#### Material for the task:
++++
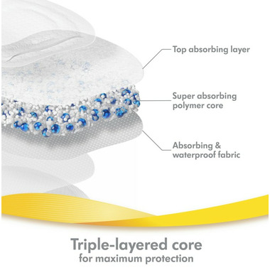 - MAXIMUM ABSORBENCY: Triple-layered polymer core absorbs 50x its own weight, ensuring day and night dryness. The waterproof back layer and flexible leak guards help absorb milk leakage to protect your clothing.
++++
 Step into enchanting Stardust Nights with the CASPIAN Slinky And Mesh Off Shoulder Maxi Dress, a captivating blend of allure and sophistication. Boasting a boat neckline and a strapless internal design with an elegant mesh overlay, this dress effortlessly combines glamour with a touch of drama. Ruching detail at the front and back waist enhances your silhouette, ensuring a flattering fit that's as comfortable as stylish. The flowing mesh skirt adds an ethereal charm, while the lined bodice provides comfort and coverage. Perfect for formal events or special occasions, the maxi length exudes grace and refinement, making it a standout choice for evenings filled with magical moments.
++++
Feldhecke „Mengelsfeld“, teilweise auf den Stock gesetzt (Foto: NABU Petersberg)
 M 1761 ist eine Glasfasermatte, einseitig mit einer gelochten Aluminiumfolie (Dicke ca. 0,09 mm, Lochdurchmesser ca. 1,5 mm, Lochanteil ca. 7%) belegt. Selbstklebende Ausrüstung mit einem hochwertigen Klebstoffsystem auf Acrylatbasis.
++++
#### Exercise instructions:
Could you write out, exactly as they stand, only the lines above that begin at the line with "(Foto: NABU Petersberg)" and stop after the line with "M 1761 ist eine"?

#### Answer to the problem:
Feldhecke „Mengelsfeld“, teilweise auf den Stock gesetzt (Foto: NABU Petersberg)
 M 1761 ist eine Glasfasermatte, einseitig mit einer gelochten Aluminiumfolie (Dicke ca. 0,09 mm, Lochdurchmesser ca. 1,5 mm, Lochanteil ca. 7%) belegt. Selbstklebende Ausrüstung mit einem hochwertigen Klebstoffsystem auf Acrylatbasis.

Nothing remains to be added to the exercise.